Tras la explosión de una polvareda de colores, el contraluz de la lumbre aprisionada entre los candiles dibujó la esbelta y deliciosa silueta de la diosa de piel trigueña que había seguido hasta allí. Los glaciales orbes del cazador, desorbitados, deshelados por la incandescencia de la imagen de que presenciaban —una mujer que bien podría ser un delirio— se desbordaron por ese cuerpo en el que felizmente se sumiría hasta convertirse en pecador; sus mares fluyeron etéreos por el perfecto arco de aquella preciosa espalda, se desbocaron sobre aquellas pronunciadas curvas y cayeron en declive por el par de largas y torneadas piernas que cualquier hombre desearía poseer.
La dama meneó sus caderas de un lado a otro acompasando el ritmo de la melodía que, en relación proporcional a sus movimientos, armonizaba en crescendo. Bastien se reacomodó sobre su asiento y, tensando la mandíbula, se inclinó levemente hacia delante. Las bailarinas de apoyo a penas y podían seguir el ritmo de la estrella, quien, con esas coloridas vestimentas que resaltaban el tono de su tez, los destellos dorados de las alhajas que se sacudían y tintineaban a su paso y el vaivén provocativo de su danza, hipnotizaba todas las miradas.
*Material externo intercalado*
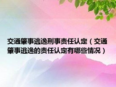 目前大家应该是对交通肇事逃逸的责任认定有哪些情况比较感兴趣的,所以今天CC就来为大家整理了一些关于交通肇事逃逸的责任认定有哪些情况方面的相关知识来分享给大家,希望大家会喜欢哦。
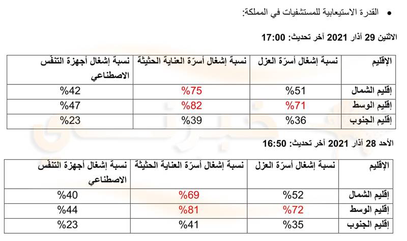 *نسبة إشغال أسرّة العناية الحثيثة في إقليم الشمال 75% مقارنة 69% يوم الاحد.
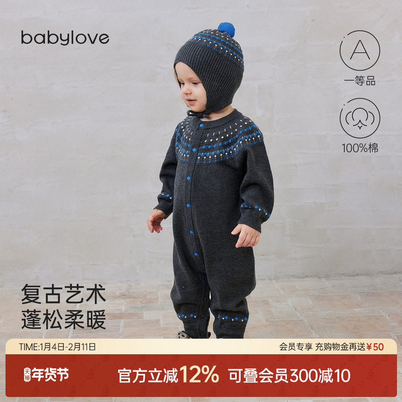 babylove婴儿针织连体衣春秋纯棉毛线衣服宝宝保暖哈衣时尚外出服
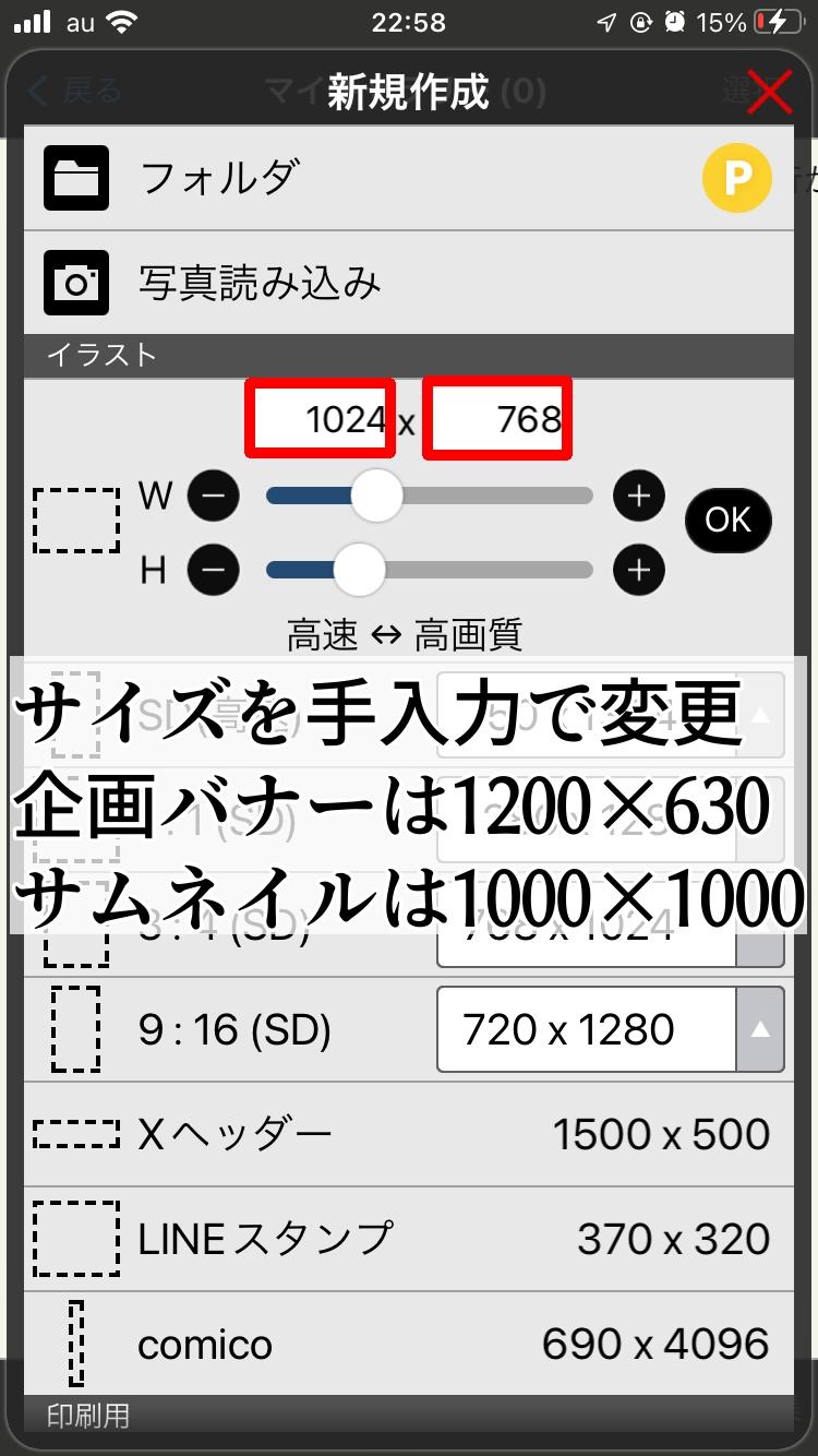 使う機能:新規作成画面、写真の取込み、ツールバーの文字入れ

La moza que atendió al cazador retornó con el pedido: una botella de whisky y un vaso de vidrio en el que vertió el licor a medida, dando, de vez en vez, fugaces miradas de rencor al cazador, quien embelesado por la magia de la mujer que literalmente se había robado el espectáculo, no le prestó a la otra la más remota pizca de cuidado. Sin apartar la mirada de la que ahora se había convertido en su presa, él tiró un par de francos sobre la mesa. La doncella, mucho más ofendida que la primera vez, agarró con rabia el dinero y antes de partir, presuntuosa, ondeó su cabello al aire, procediendo a contonearse de un lado a otro en busca de esa atención que codiciaba y que, desafortunadamente, no consiguió allí.
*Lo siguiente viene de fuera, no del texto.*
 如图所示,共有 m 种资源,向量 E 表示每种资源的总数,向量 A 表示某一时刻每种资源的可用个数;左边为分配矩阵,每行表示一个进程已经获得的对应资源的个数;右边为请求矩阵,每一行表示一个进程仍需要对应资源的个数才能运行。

Las esferas azuladas del conde cesaron de contemplar el sinuoso contorno de la gitana para anclarse en sus orbes avellanadas, esas que intensas lo observaban de vuelta. La mujer era una diosa y los hombres, que hormonales y excitados clamaban por ella, deseando sentir su tacto y anhelantes de recibir su bendición, se habían convertido en sus siervos; sin embargo, Bastien Argent no había nacido para convertirse en el súbdito de nadie y la mujer lo sabía también, si había alguien allí que realmente pusiese poseerla, era él y únicamente él.
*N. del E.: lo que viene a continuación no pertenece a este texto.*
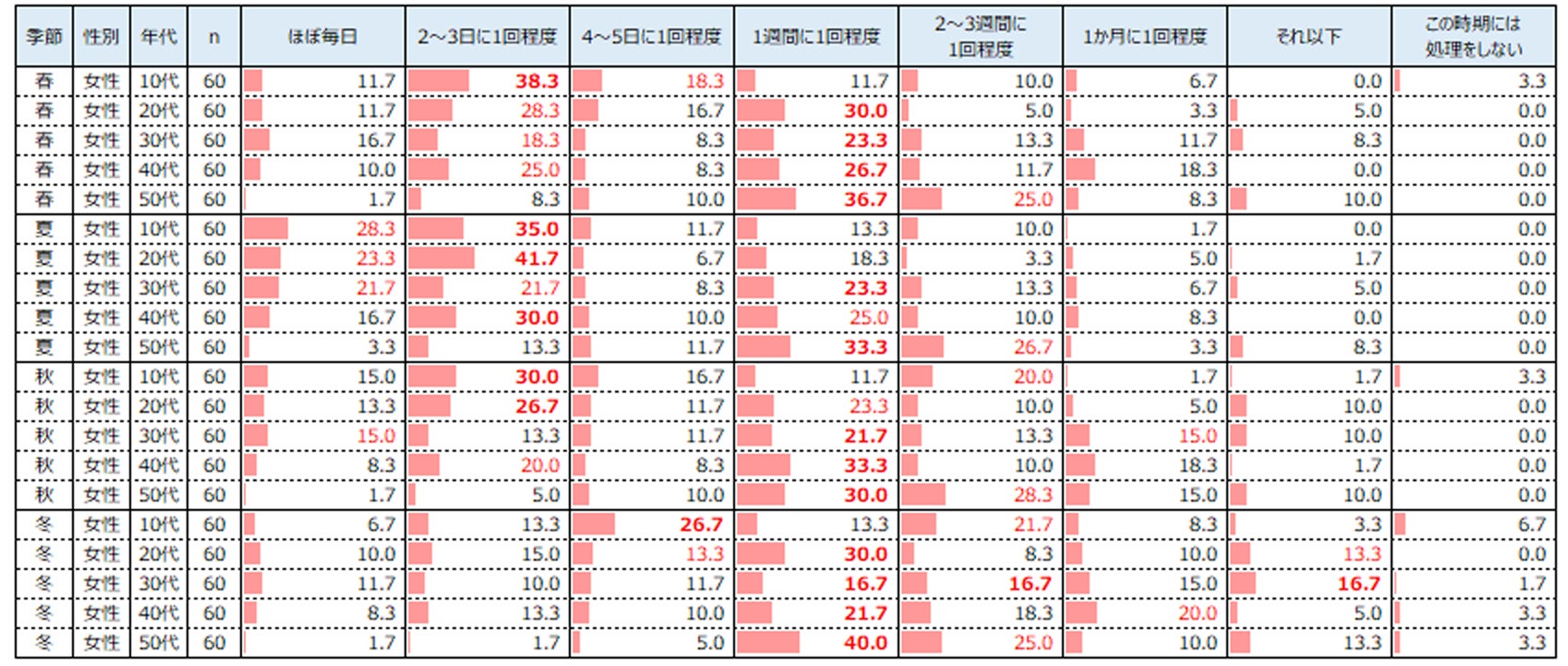 性別・世代別で比較すると、世代によりケア頻度の差があります。世代別に見ても男性は季節による差が小さい結果です。

Sus miradas se enfrentaron en un duelo furtivo, pero ninguno llegó a ceder. Firmes ambos sostuvieron su postura, exigiendo más y más del otro; la invitación era bastante clara “ven a mí”, pero la respuesta continuaba siendo una réplica “ven tú”. Fue entonces cuando la música cesó súbitamente, siendo reemplazada por un chillido infernal. La densa conexión, ese embrujo del que ambos fueron reos se resquebrajó de inmediato.
“¡Es ella!” “¡impostora!” “¡cierren el telón!”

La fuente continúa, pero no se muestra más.